__Exercise aim__. Each record below is to be copied exactly; the pictures are to be omitted.

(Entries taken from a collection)
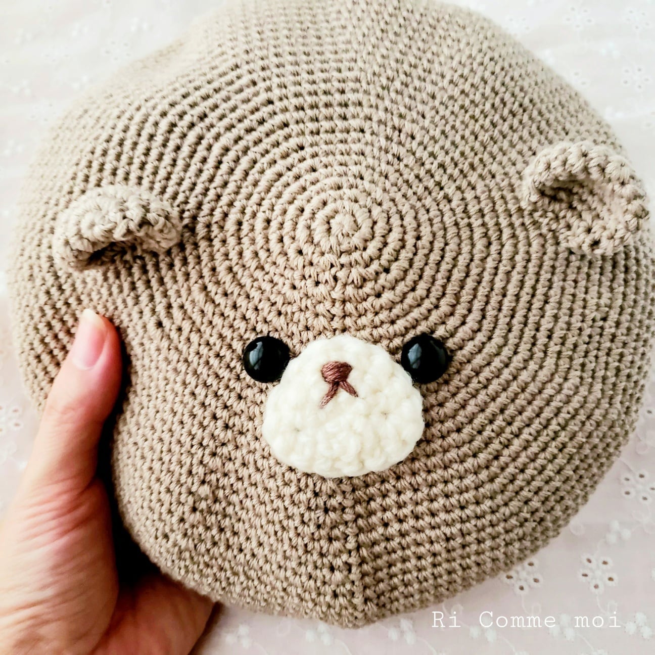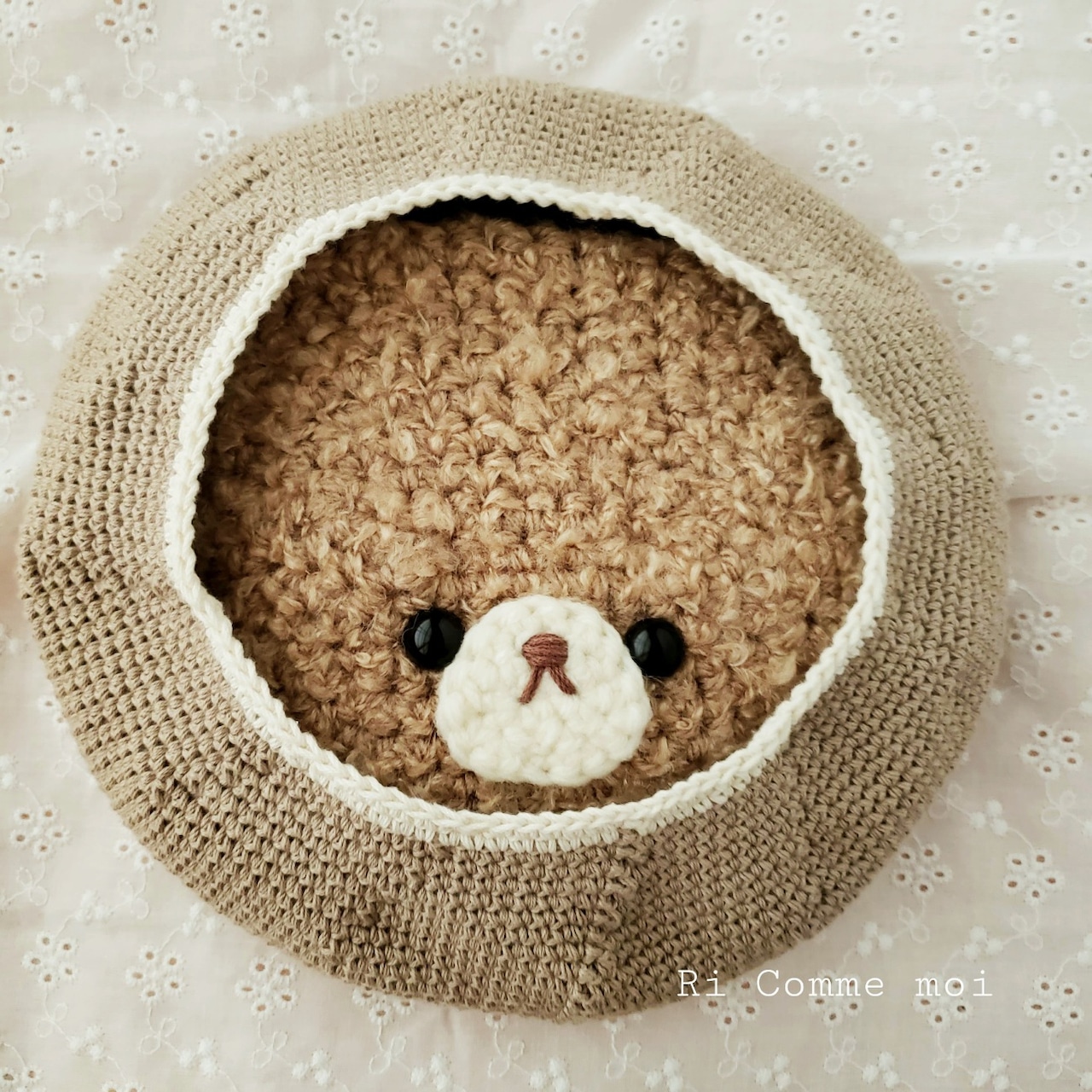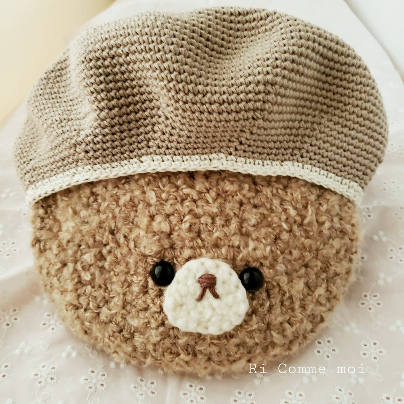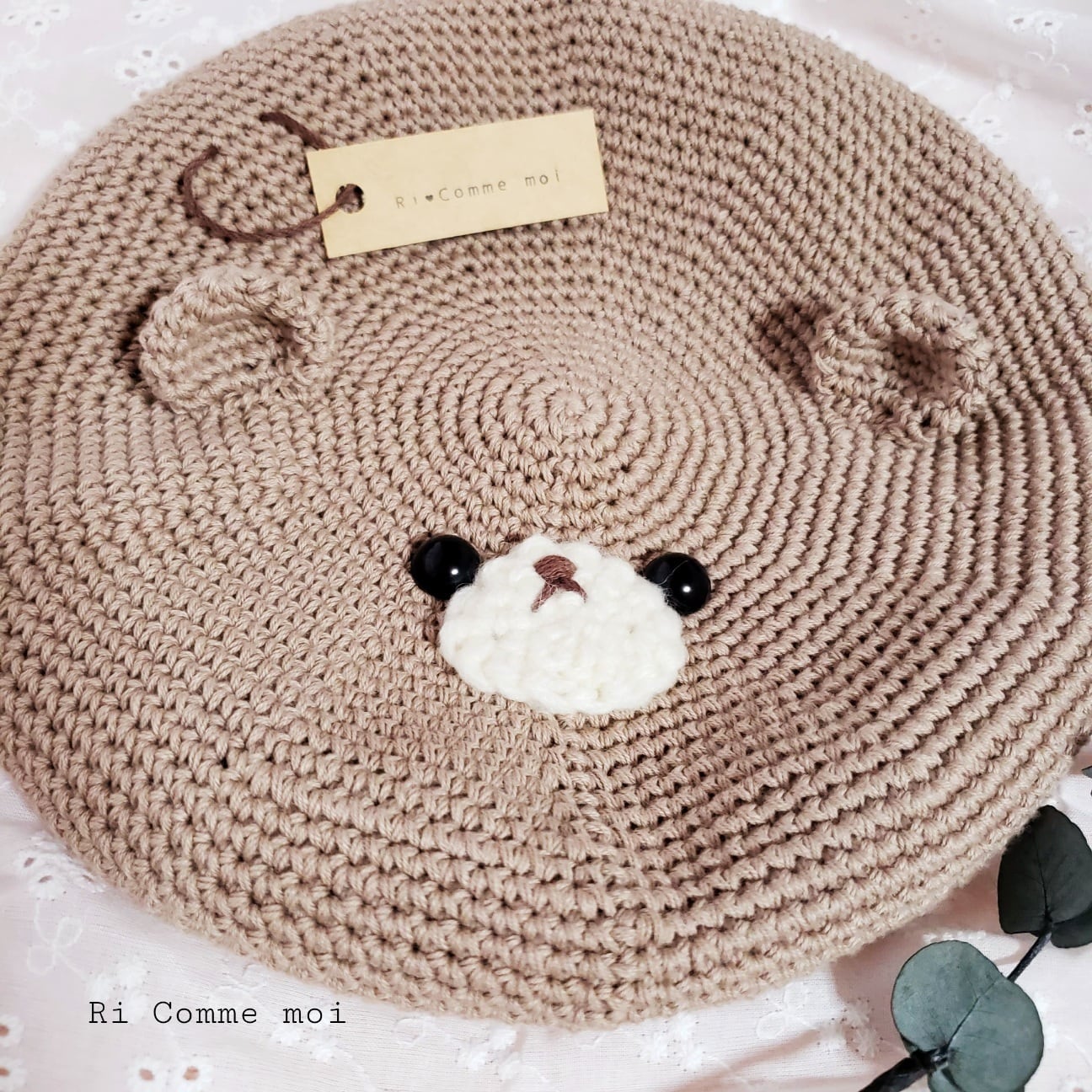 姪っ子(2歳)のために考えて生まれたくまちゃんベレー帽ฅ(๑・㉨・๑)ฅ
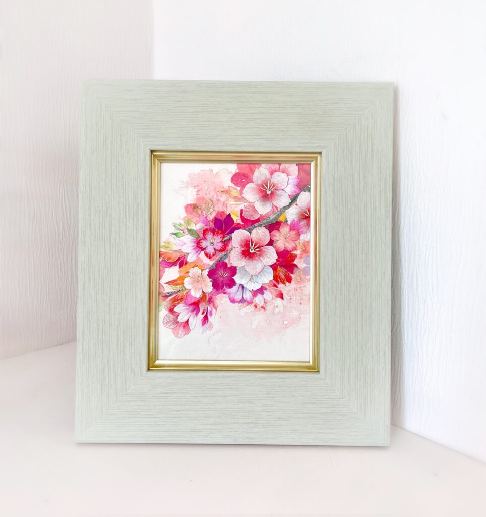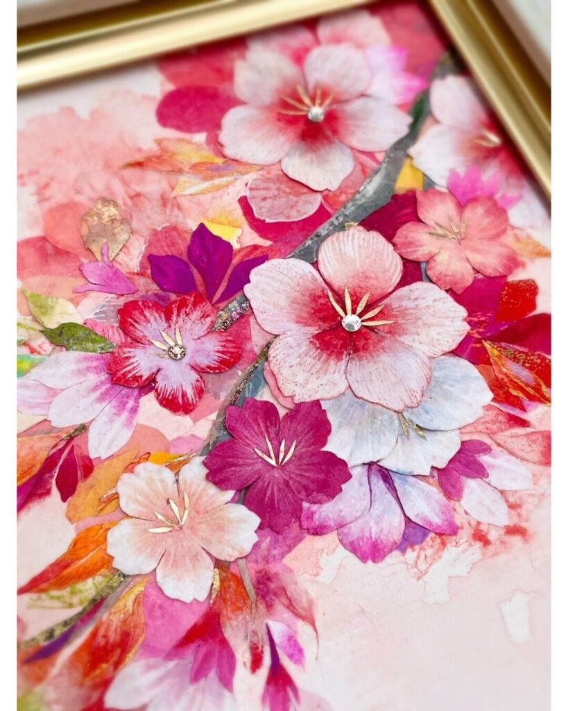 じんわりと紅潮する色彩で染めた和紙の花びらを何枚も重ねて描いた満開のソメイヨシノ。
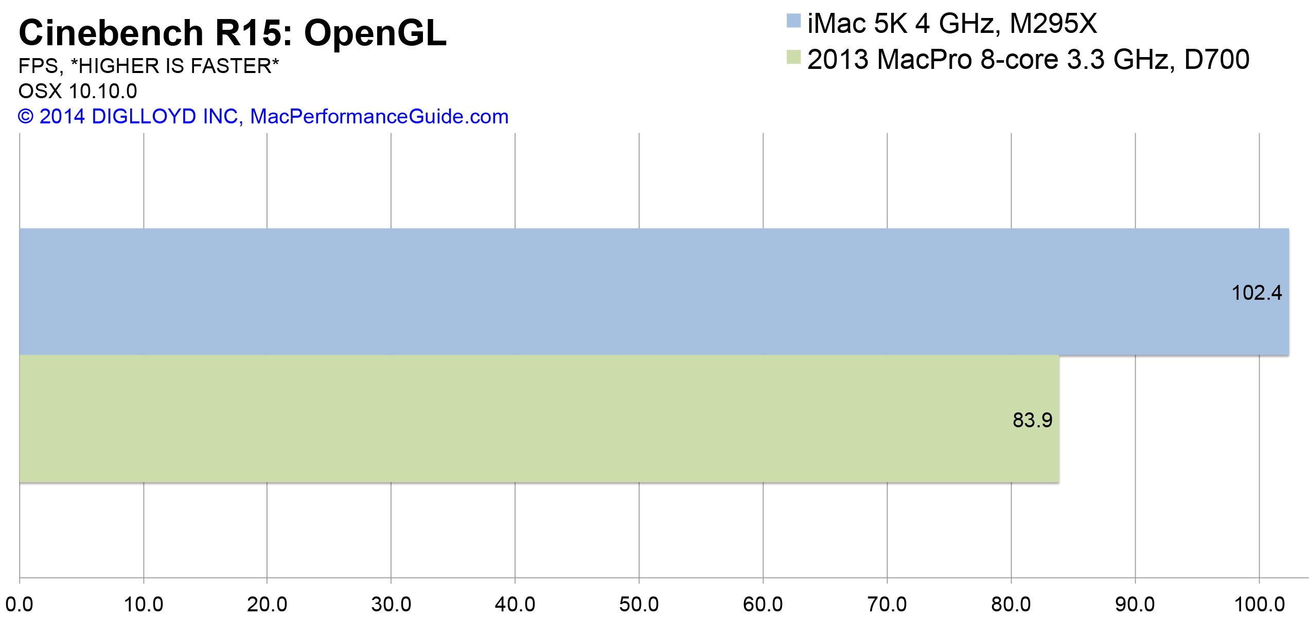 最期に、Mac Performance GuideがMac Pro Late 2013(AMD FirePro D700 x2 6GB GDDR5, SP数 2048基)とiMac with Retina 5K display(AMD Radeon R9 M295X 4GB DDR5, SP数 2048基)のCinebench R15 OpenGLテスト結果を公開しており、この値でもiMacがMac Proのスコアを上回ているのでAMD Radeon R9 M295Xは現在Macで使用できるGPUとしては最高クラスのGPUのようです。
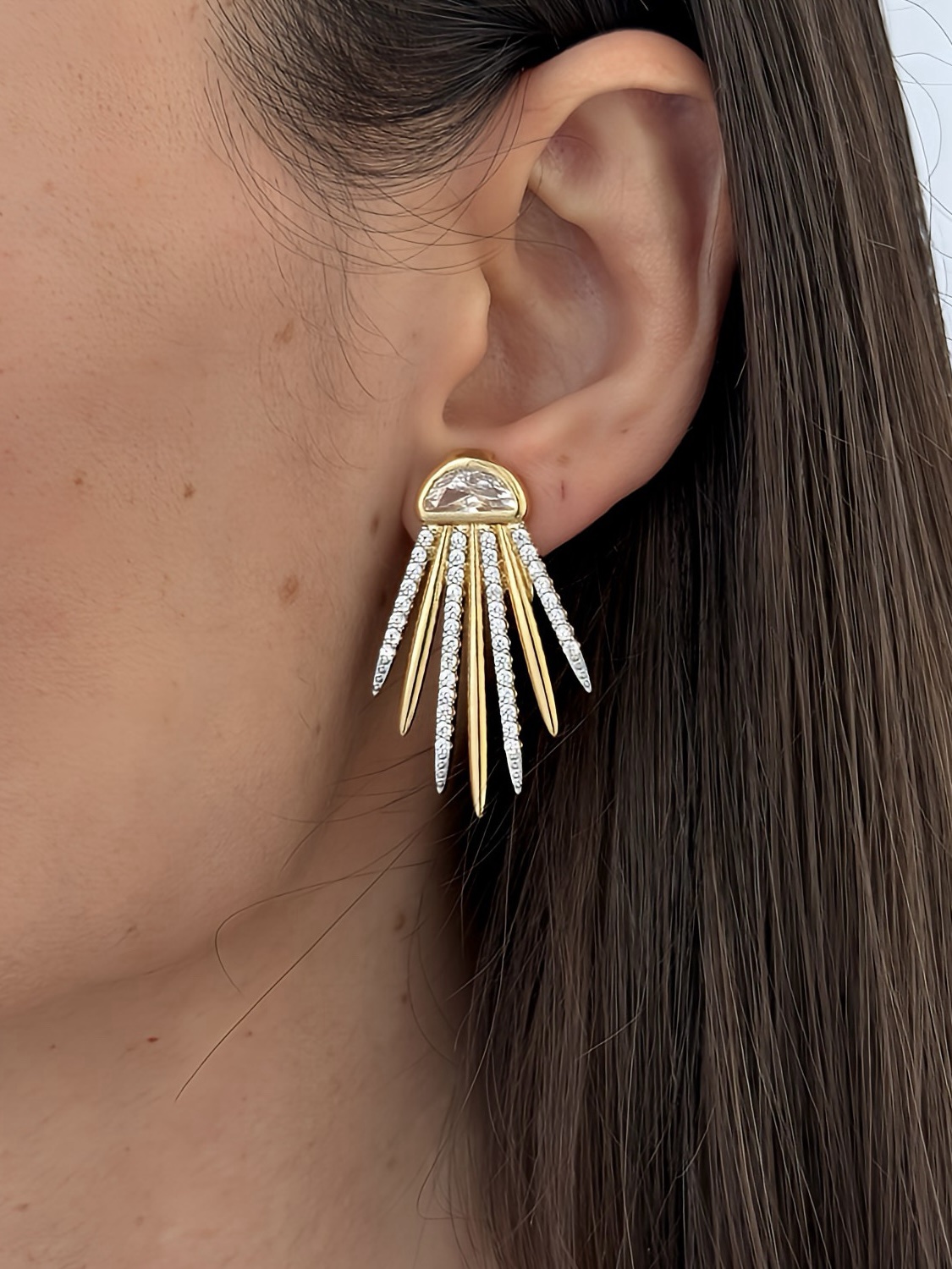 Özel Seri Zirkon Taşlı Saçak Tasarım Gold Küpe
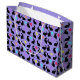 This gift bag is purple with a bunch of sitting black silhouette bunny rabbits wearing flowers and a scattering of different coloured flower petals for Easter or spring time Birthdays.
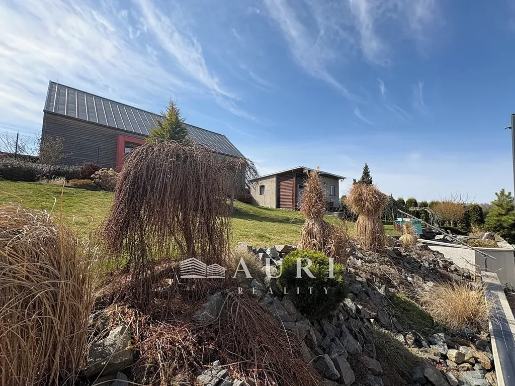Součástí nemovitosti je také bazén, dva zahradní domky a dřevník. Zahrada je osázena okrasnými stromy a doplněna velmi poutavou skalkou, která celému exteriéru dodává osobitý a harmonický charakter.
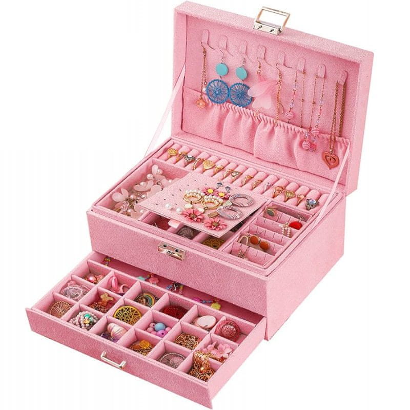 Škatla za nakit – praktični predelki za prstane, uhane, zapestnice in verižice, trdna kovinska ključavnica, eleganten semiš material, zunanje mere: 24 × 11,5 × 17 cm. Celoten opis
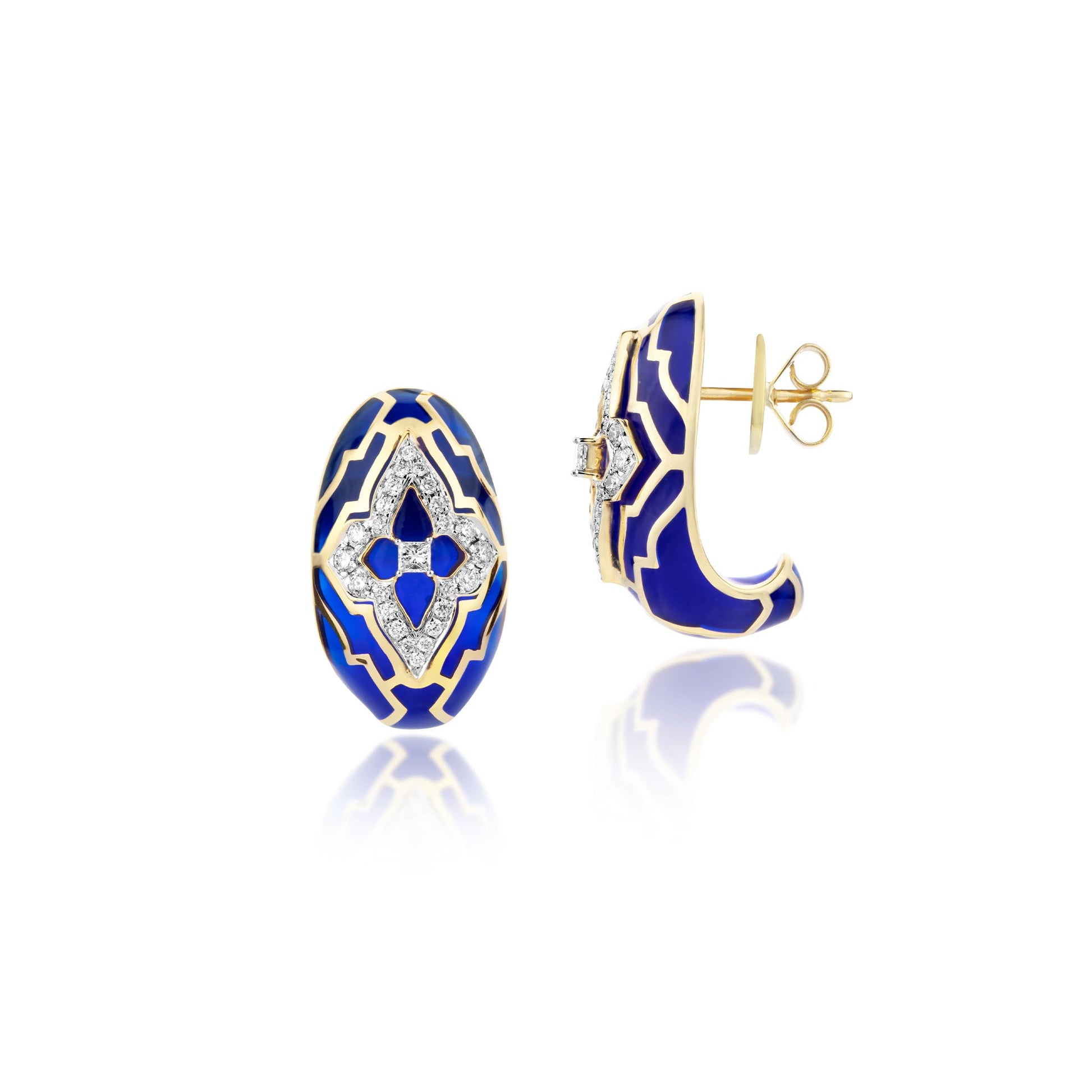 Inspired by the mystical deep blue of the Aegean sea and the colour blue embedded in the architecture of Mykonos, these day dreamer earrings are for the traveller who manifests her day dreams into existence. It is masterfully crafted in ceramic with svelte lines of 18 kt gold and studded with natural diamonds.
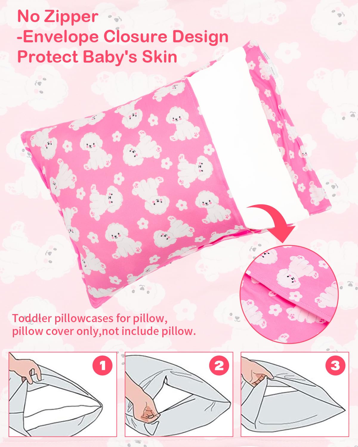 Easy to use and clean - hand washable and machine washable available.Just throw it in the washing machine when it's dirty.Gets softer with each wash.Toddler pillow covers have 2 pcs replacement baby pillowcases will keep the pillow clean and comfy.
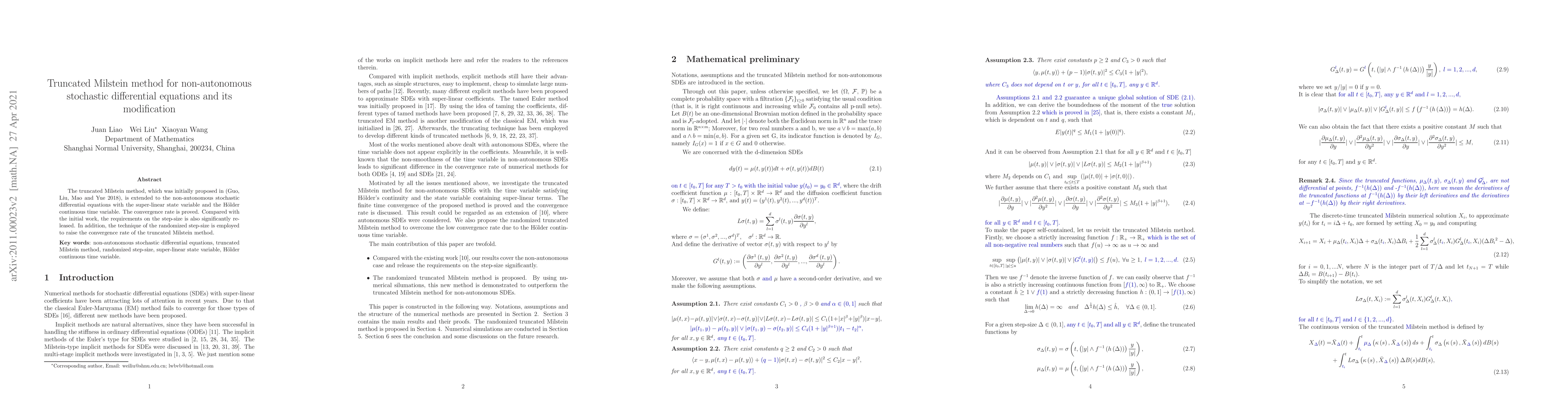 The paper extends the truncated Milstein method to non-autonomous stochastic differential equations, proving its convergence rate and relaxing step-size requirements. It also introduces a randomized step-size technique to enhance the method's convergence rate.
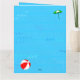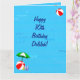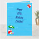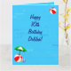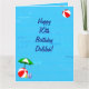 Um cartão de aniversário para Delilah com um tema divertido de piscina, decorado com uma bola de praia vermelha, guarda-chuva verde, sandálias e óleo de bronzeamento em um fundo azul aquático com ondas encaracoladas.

__Exercise solution__.
 姪っ子(2歳)のために考えて生まれたくまちゃんベレー帽ฅ(๑・㉨・๑)ฅ
 じんわりと紅潮する色彩で染めた和紙の花びらを何枚も重ねて描いた満開のソメイヨシノ。
 最期に、Mac Performance GuideがMac Pro Late 2013(AMD FirePro D700 x2 6GB GDDR5, SP数 2048基)とiMac with Retina 5K display(AMD Radeon R9 M295X 4GB DDR5, SP数 2048基)のCinebench R15 OpenGLテスト結果を公開しており、この値でもiMacがMac Proのスコアを上回ているのでAMD Radeon R9 M295Xは現在Macで使用できるGPUとしては最高クラスのGPUのようです。
 Özel Seri Zirkon Taşlı Saçak Tasarım Gold Küpe
 This gift bag is purple with a bunch of sitting black silhouette bunny rabbits wearing flowers and a scattering of different coloured flower petals for Easter or spring time Birthdays.
Součástí nemovitosti je také bazén, dva zahradní domky a dřevník. Zahrada je osázena okrasnými stromy a doplněna velmi poutavou skalkou, která celému exteriéru dodává osobitý a harmonický charakter.
 Škatla za nakit – praktični predelki za prstane, uhane, zapestnice in verižice, trdna kovinska ključavnica, eleganten semiš material, zunanje mere: 24 × 11,5 × 17 cm. Celoten opis
 Inspired by the mystical deep blue of the Aegean sea and the colour blue embedded in the architecture of Mykonos, these day dreamer earrings are for the traveller who manifests her day dreams into existence. It is masterfully crafted in ceramic with svelte lines of 18 kt gold and studded with natural diamonds.
 Easy to use and clean - hand washable and machine washable available.Just throw it in the washing machine when it's dirty.Gets softer with each wash.Toddler pillow covers have 2 pcs replacement baby pillowcases will keep the pillow clean and comfy.
 The paper extends the truncated Milstein method to non-autonomous stochastic differential equations, proving its convergence rate and relaxing step-size requirements. It also introduces a randomized step-size technique to enhance the method's convergence rate.
 Um cartão de aniversário para Delilah com um tema divertido de piscina, decorado com uma bola de praia vermelha, guarda-chuva verde, sandálias e óleo de bronzeamento em um fundo azul aquático com ondas encaracoladas.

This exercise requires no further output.